We live in a time of radical monetary policy and dramatic technological change. Cheap money finances innovation, and innovation helps hide the full effects of cheap money. In the process, everything we know about work, investment, and consumption is being redefined.
To understand what this means in practice, let’s start with a familiar example.
Taken for a Ride
Uber has more than 100 million customers and is synonymous with “getting from A to B.” But this does not mean it has a good business. On average, every time someone takes an Uber, the company loses money. Over the past decade, investors kept Uber from going bankrupt by pouring more money into the company. In essence, these investors are subsidizing Uber’s customers.
Uber and its investors are part of a bigger trend which Derek Thompson first described in 2019. Companies such as Casper, Peloton, Uber, WeWork, DoorDash, Lyft, and Postmates lowered their prices to a loss-leading level in order to maximize their growth. They got more customers but lost money on every sale. By doing so, these companies and their investors helped fund the lifestyle of their customers — mostly young people living in cities. Thompson calls this the “Millennial Lifestyle Sponsorship.”
This strategy offers important hints about the future of other businesses and professions. But before we get to these, we need to understand how technology and monetary policy enable the Millennial Lifestyle Sponsorship and why this strategy is more reasonable than it sounds.
“Money never sleeps,” Gordon Gecko explains to a young banker in the original Wall Street movie. Gecko is referring to the fact that markets are always open somewhere. But his deeper message is that money cannot rest: it needs to generate more money. Sleeping means missing out on investment opportunities and losing value to inflation.
In the past, “not sleeping” could simply mean putting your money in a savings account, treasury bills, or quality corporate bonds. The yield generated by these investments was higher than the official rate of inflation. Most people also invested in stocks of profitable, well-known companies. These stocks were more volatile than bonds, but they were still tame. The average person did not have to be as aggressive as Gordon Gecko to protect their savings.
Today, things are different. Over the last few decades, traditional investors developed a growing appetite for alternative asset classes such as venture capital, private equity, hedge funds, and real estate projects. These alternatives promised higher returns and low or negative correlation with traditional stocks and bonds.

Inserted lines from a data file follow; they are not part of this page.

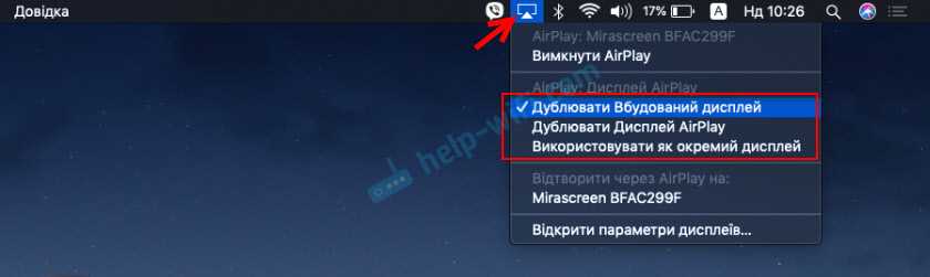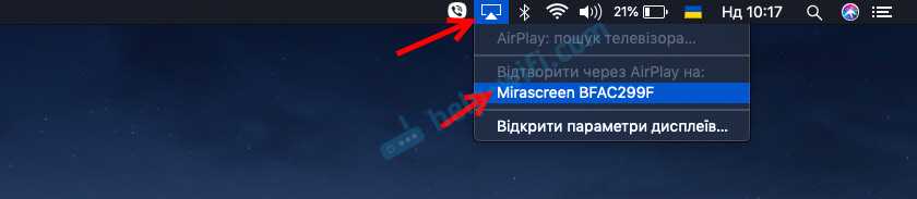 Когда Mac OS увидит, что есть возможность подключения к беспроводному дисплею по AirPlay – в статус баре появится соответствующий значок. Нажав на который, нам нужно только выбрать MiraScreen адаптер.
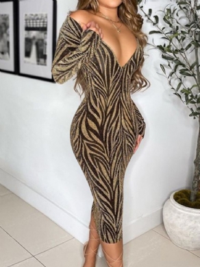 Langærmet Mid-Calf V-Hals Mid Waist Pullover Kjole
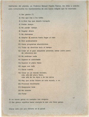 También hacia fines de la década del 60 creó una religión: la gánica. Ser gánico apela a hacer siempre lo que uno tiene ganas de hacer. Así lo demuestran los 23 mandamientos publicados por el artista y repartido entre sus amistades.
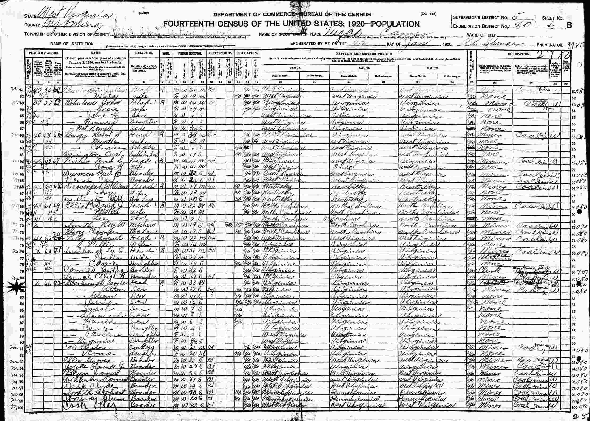 January 22, 1920 - Supervisor's District 5, Enumeration District 180, Slab Fork Magisterial District, Wyoming County, West Virginia.
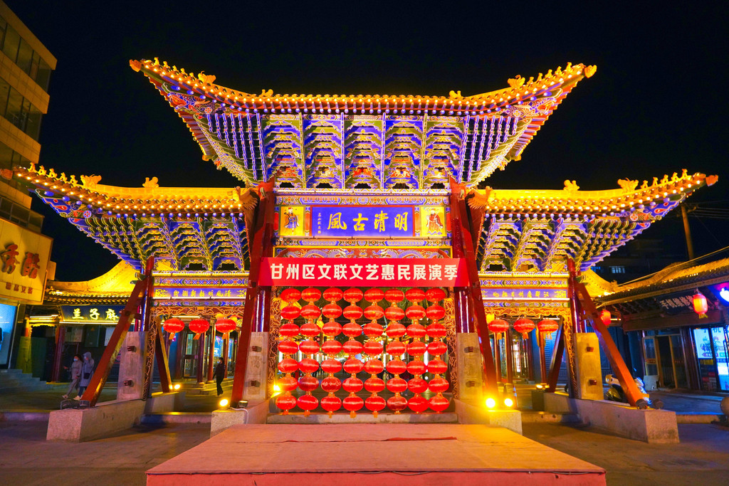 在张掖的老城区有个仿古步行街,它就是明清街,这条街也美食为主,有主要是西北美食为主,也有外地的川菜,火锅。。夜晚灯火璀璨,颇有宫廷风范。街道不长,但是夜生活浓郁。明清街由四大街,八小街,七十二蚰蜒巷构成,呈现来龟甲上的八卦图案,经纬交织,井井有条。街道中间有很多仿古雕塑,民间游戏捉迷藏、放炮仗、中医问诊等场景,古色古香,美轮美奂。

This shift was driven by pension funds and other entities that manage the retirement savings of regular people (and whole countries). These institutions had promises to keep to retirees who expected a monthly pension. But the traditional retirement model no longer made sense. People were living longer and needed more money to live in retirement. And low-interest rates meant traditional investments generated less income than planned.

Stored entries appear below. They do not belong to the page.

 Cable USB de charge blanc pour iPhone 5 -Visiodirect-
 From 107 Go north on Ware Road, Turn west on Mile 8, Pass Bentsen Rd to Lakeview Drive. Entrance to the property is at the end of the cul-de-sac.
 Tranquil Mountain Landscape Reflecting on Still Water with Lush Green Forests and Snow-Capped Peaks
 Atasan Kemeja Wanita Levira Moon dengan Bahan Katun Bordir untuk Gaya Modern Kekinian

Since pension systems could not get rid of their customers, they had to make up the shortfall by investing in asset classes that could generate higher returns. This meant pouring money into venture capital, among other things. What started as a trickle gradually became a flood. Last year, institutional investors allocated 16% percent of their portfolios into alternative investments, pushing U.S. venture capital fundraising to an all-time high of $70 billion.

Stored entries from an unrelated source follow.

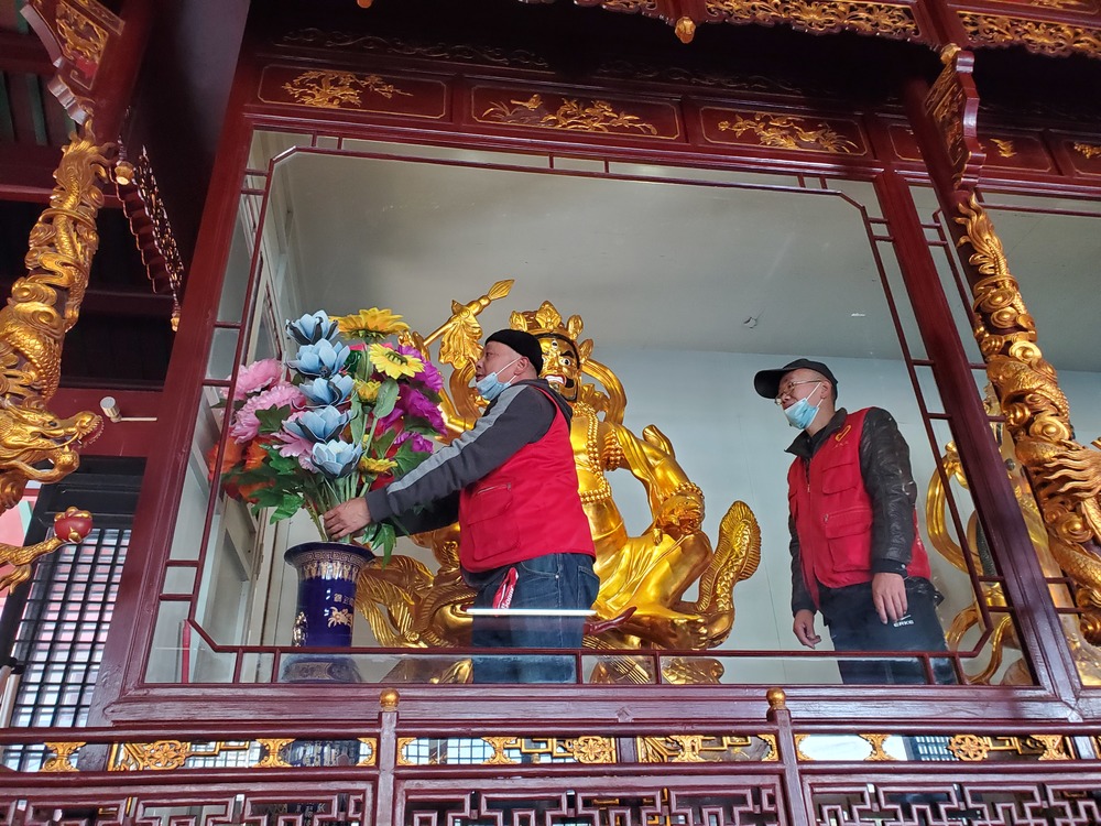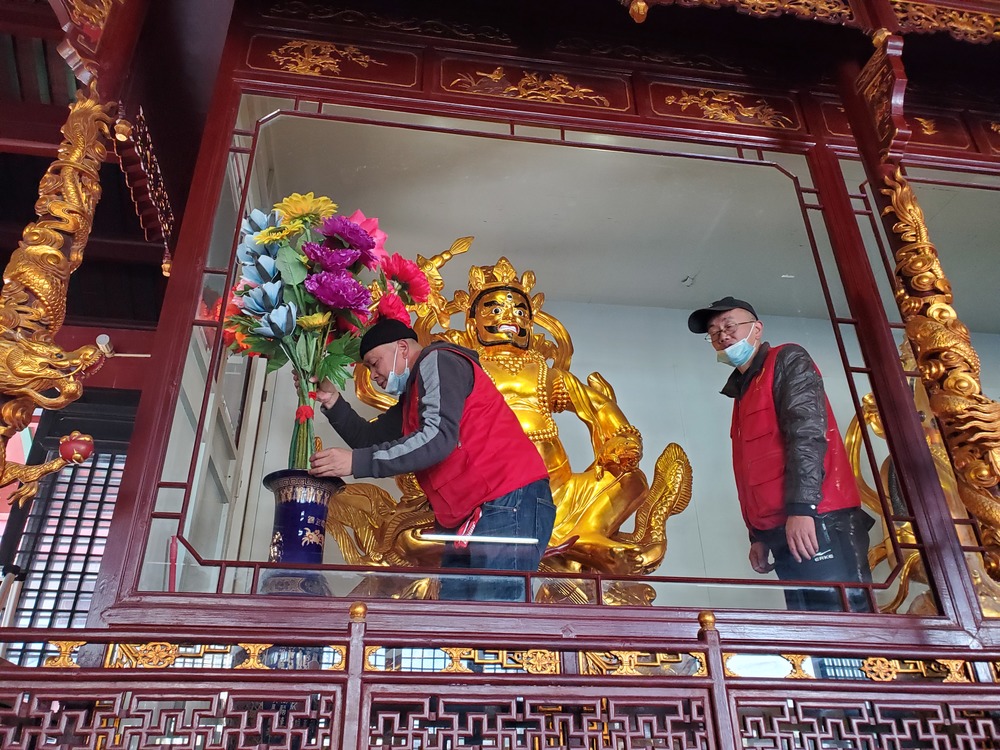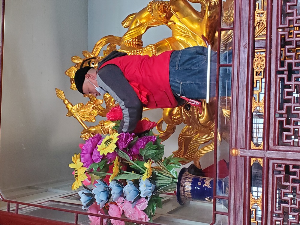 但是日我们来了,我们派出了七位男师兄和数位女师兄去到了财神殿,一上午的时间,真的真的是让该殿焕然一新,金光灿放。
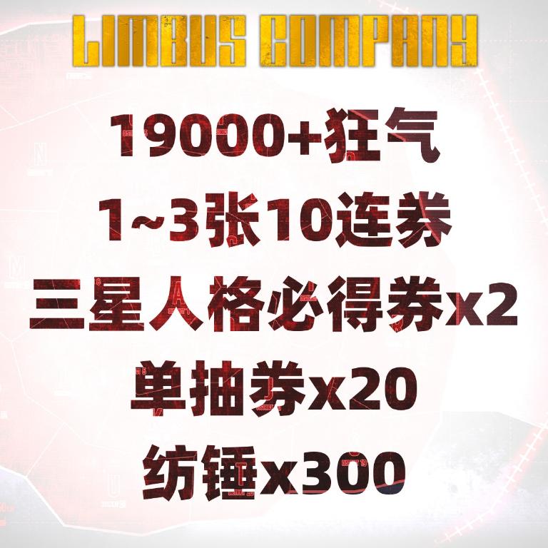 自选号6:19000+狂气+1~3张10连券+三星人格必得券x2+单抽券x20+纺锤x300
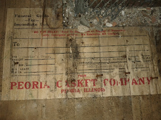 We also found a piece of cardboard (also acting a shim) that had a shipping label the Peoria Casket Co to the Sedgwick Funeral Home. Really cool stuff! We have long known that our house operated as a funeral home for about 40 years. 1938 would have been the very early years of the business.
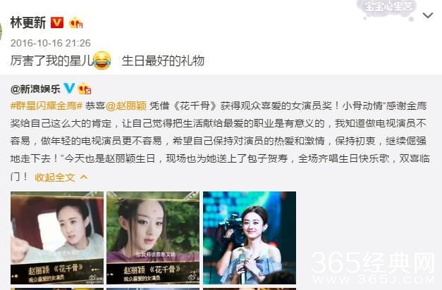 而且无论在任何时候,就算《楚乔传》拍完后,林更新依旧叫赵丽颖“星儿”。就在生日当天赵丽颖荣获了金鹰奖,林更新转发了微博,只是这一声“我的星儿”,实在是有些甜啊~而wuli颖宝也曾在某节目中自 爆她和林更新私下的关系也很好。
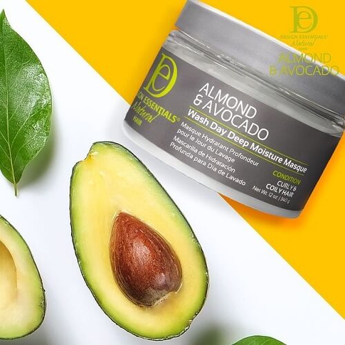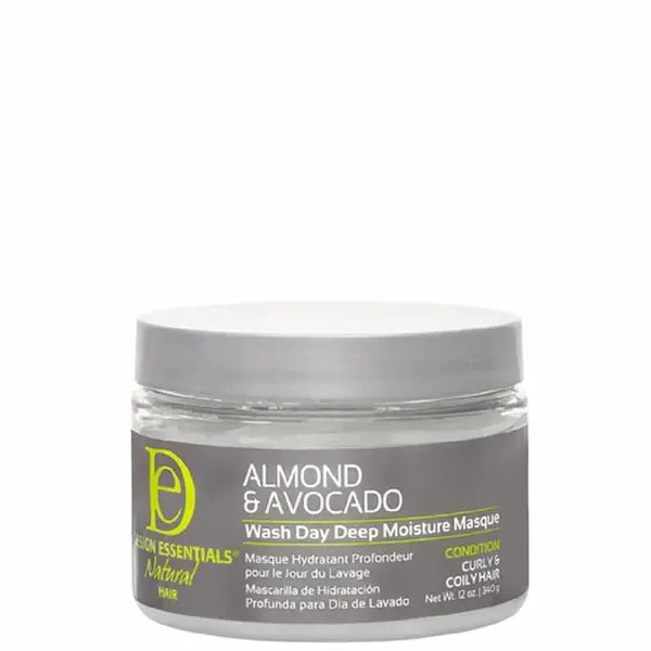 Une bonne routine sur cheveux texturés démarre par une bonne hydratation. Le masque d'hydratation profonde Natural Almond & Avocado Wash Day de Design Essentials® est un traitement hydratant très pénétrant imprégné des propriétés nourrissantes des huiles d'Amande douce et d'Avocat pour renforcer et adoucir les cheveux. Régénérant, Il réduit la casse et facilite le démêlage.

With so much money to invest, venture capital funds had a new challenge on their hands. It was no longer enough to find good companies to invest in. They had to find companies that could absorb massive amounts of money. To do so, many VCs shifted their focus away from traditional software and internet companies and developed an appetite for businesses that operated in the offline world, dealt with things like buildings and cars, and operated in very competitive and highly regulated markets.
WeWork was the prime example of this process. It is easy to think of Adam Neumann as a conman who took billions from naive tech investors. In reality, these investors had to invest in something, and Neumann was one of the few people who were willing to take their money and try to do something productive with it.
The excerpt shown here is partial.